Conversion *should* only take place prior to preview, so a human can make certain nothing's broken.
Magnus
I want to try to connect this somehow to a CGI to make a webpage where people can paste in HTML and get wikitext out by clicking a button. This would make it easy to convert HTML tables I run across to wikitables quickly, by just a couple copy and pastes. However, I seem to be completely inept at compiling this. I tried "cc main.cpp" but I get complaints about errors from ld about Undefined symbols: std:: ....
I apologize for seeming clueless but my only C++ experience is with Visual C++. Is my build environment messed up or do I need to be compiling differently?

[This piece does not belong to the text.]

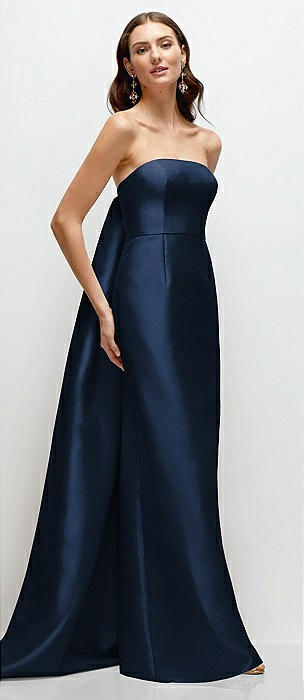 Strapless Satin Column Dress with Removeable Watteau Train in midnight navy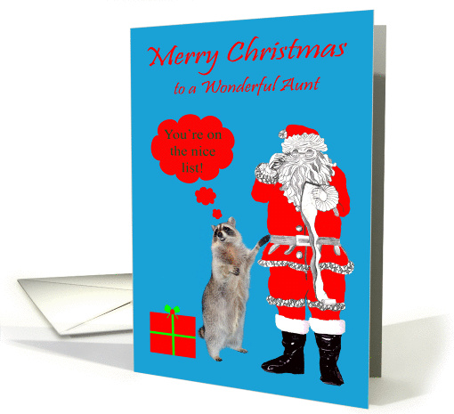 Christmas to Aunt, Raccoon with Santa Claus checking his list

Perhaps a makefile would be helpful here. I'm running Mac OS X 10.3 with the developer tools installed.
- David
Magnus Manske wrote:
I hacked a little C++ utility (hereby under GPL, source files attached) that converts HTML to wiki markup. A few points:
- It should compile on any Windows/*nix system (you might have to turn
off warnings, though)
- Pipe the HMTL in, and get wiki markup out
- Shouldn't touch existing wiki markup
- Keeps HTML if there's no wiki markup defined for it
- Other wiki markup (for other wikis) can be added with only a few lines
of source
- Internally uses a new string class with 32-bit-chars (potential for
unicode there, also it should work with unicode "as is")
Downsides:
- Doesn't check HTML/wiki markup validity (broken HTML will become
broken wiki markup, which might be less bad though)
- Ignores <nowiki> (though I don't think that matters)

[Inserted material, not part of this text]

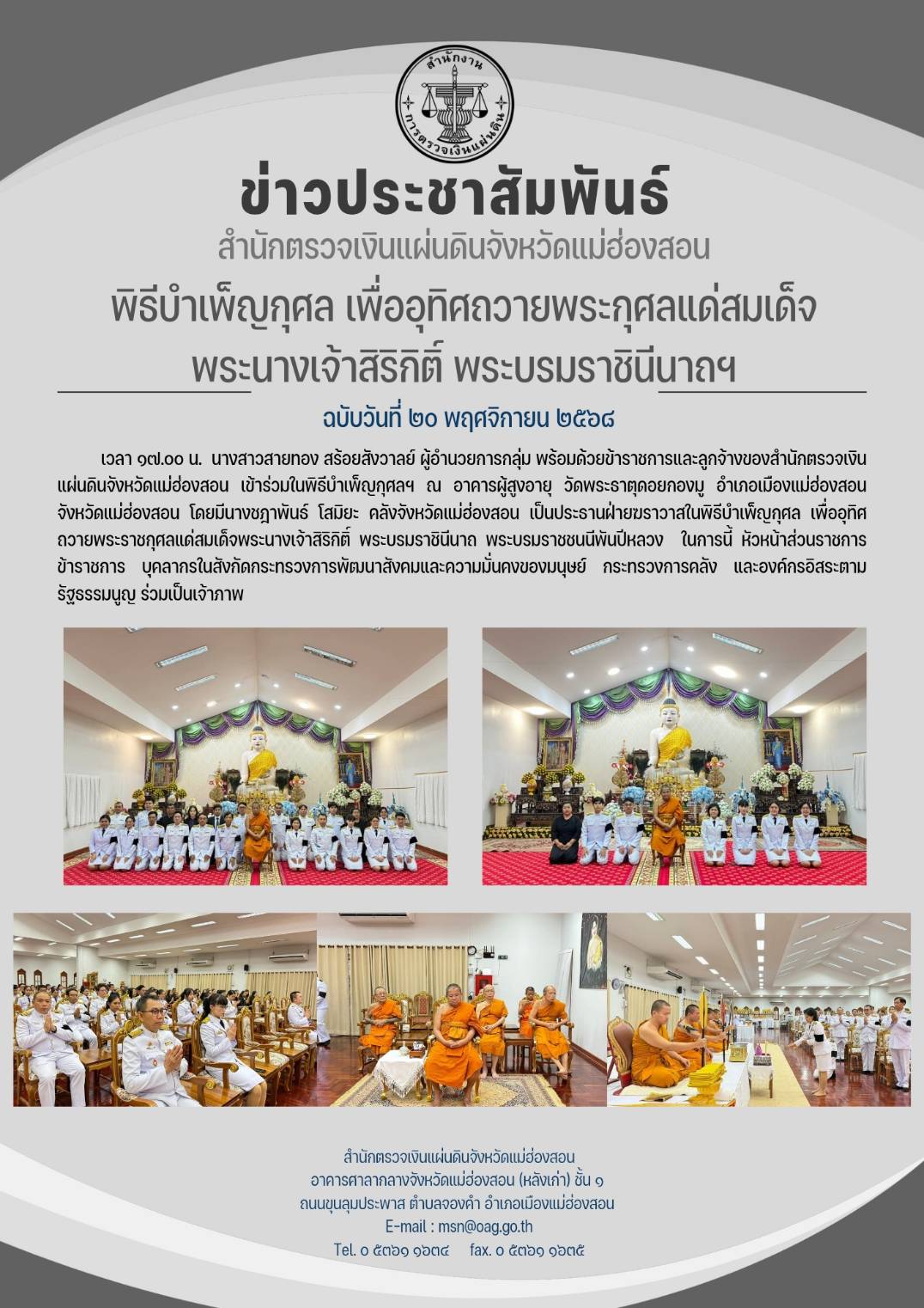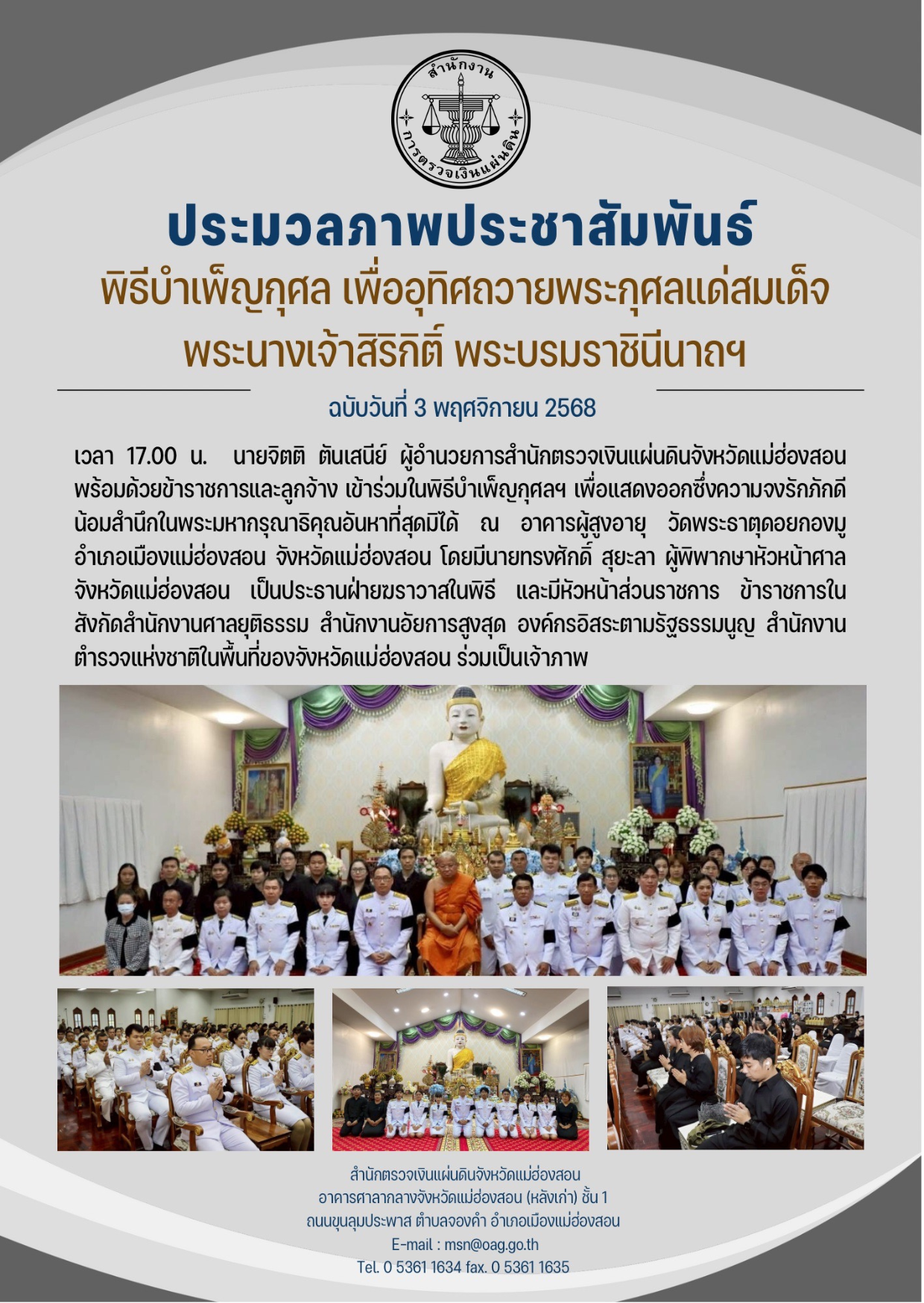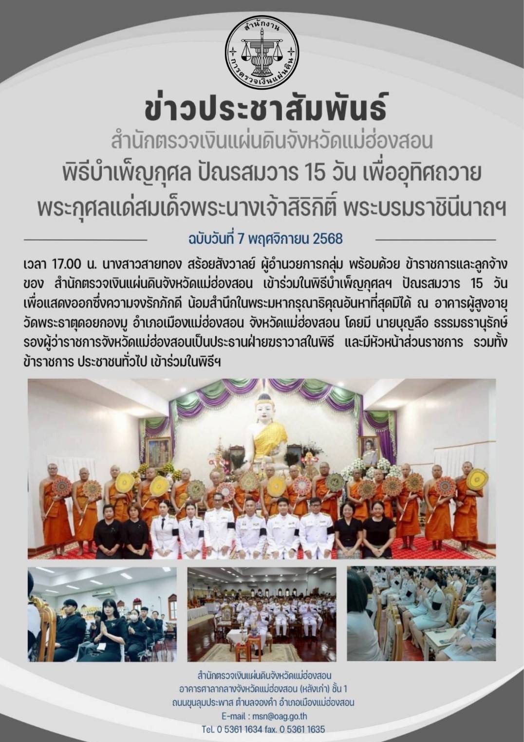 เข้าร่วมในพิธีบำเพ็ญกุศล เพื่ออุทิศถวายพระราชกุศลแด่สมเด็จพระนางเจ้าสิริกิติ์ฯ พฤศจิกายน 5, 2025พฤศจิกายน 5, 2025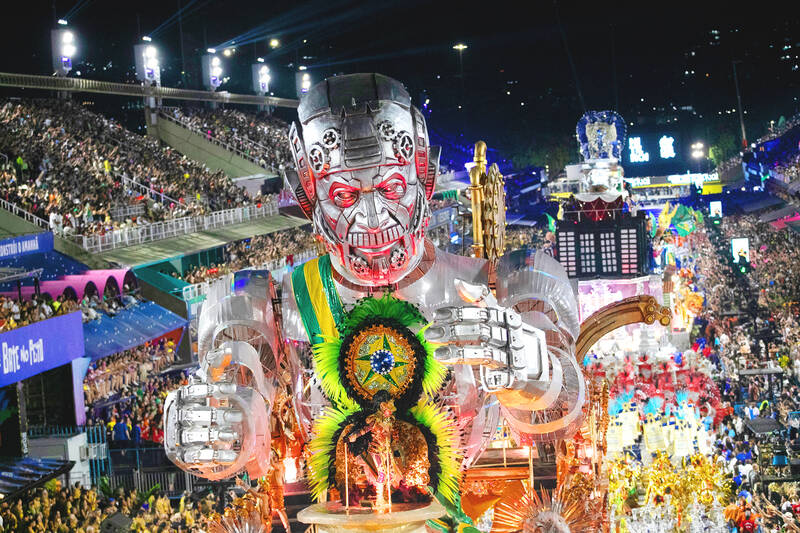 A large metallic robot depicting Brazilian President Luiz Inacio Lula da Silva on Sunday night towered over Rio de Janeiro’s famed Sambadrome avenue in a carnival parade that has drawn ire for its tribute to a sitting president in an election year.

Idea: Have a checkbox on the edit page (or maybe on preferences instead) that says: "Convert HTML to wiki markup on preview"
Conversion *should* only take place prior to preview, so a human can make certain nothing's broken.
Magnus
Wikitech-l mailing list Wikitech-l@Wikipedia.org http://mail.wikipedia.org/mailman/listinfo/wikitech-l
David,
I haven't looked at the source, but try 'g++ main.cpp'; it's a C++ program (std is a namespace, a feature that C doesn't know about).
Cheers, Ivan
David Friedland wrote:
I want to try to connect this somehow to a CGI to make a webpage where people can paste in HTML and get wikitext out by clicking a button. This would make it easy to convert HTML tables I run across to wikitables quickly, by just a couple copy and pastes. However, I seem to be completely inept at compiling this. I tried "cc main.cpp" but I get complaints about errors from ld about Undefined symbols: std:: ....

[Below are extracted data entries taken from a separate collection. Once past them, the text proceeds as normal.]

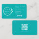 Ajoutez votre logo Social Media QR Code Corporate Blue Green Carte de visite avec votre logo d'entreprise, avec votre nom, contact et informations sur les médias sociaux sur un arrière - plan bleu vert. Au contraire, votre code QR personnalisé pour vos clients à analyser. Personnalisez en modifiant le texte dans la zone de texte fournie. Conçu par ©Evco Studio www.zazzle.com/store/evcostudio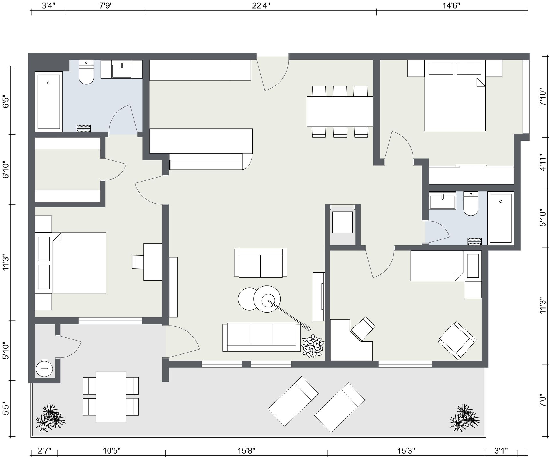 - Open concept living space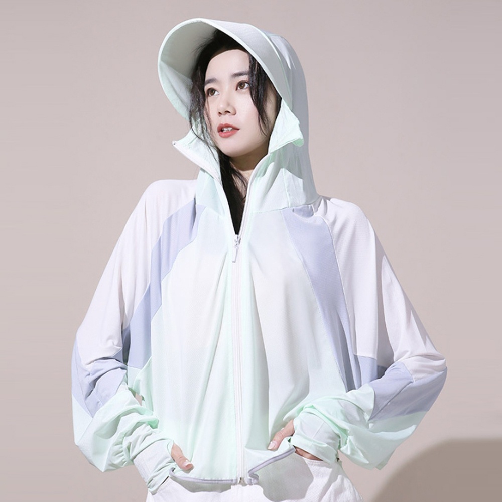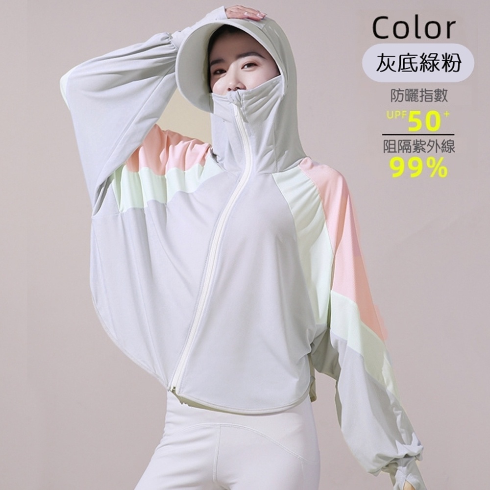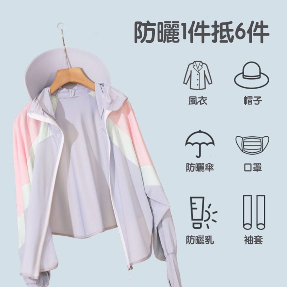 拼接色塊冰絲涼感輕薄防曬連帽長袖外套 薄外套 防曬外套 冷氣房 防蚊 大童 大人【BB8000】

I apologize for seeming clueless but my only C++ experience is with Visual C++. Is my build environment messed up or do I need to be compiling differently? Perhaps a makefile would be helpful here. I'm running Mac OS X 10.3 with the developer tools installed.
- David
Magnus Manske wrote:
I hacked a little C++ utility (hereby under GPL, source files attached) that converts HTML to wiki markup. A few points:
- It should compile on any Windows/*nix system (you might have to turn
off warnings, though)
- Pipe the HMTL in, and get wiki markup out
- Shouldn't touch existing wiki markup
- Keeps HTML if there's no wiki markup defined for it
- Other wiki markup (for other wikis) can be added with only a few
lines of source
- Internally uses a new string class with 32-bit-chars (potential for
unicode there, also it should work with unicode "as is")
Downsides:
- Doesn't check HTML/wiki markup validity (broken HTML will become
broken wiki markup, which might be less bad though)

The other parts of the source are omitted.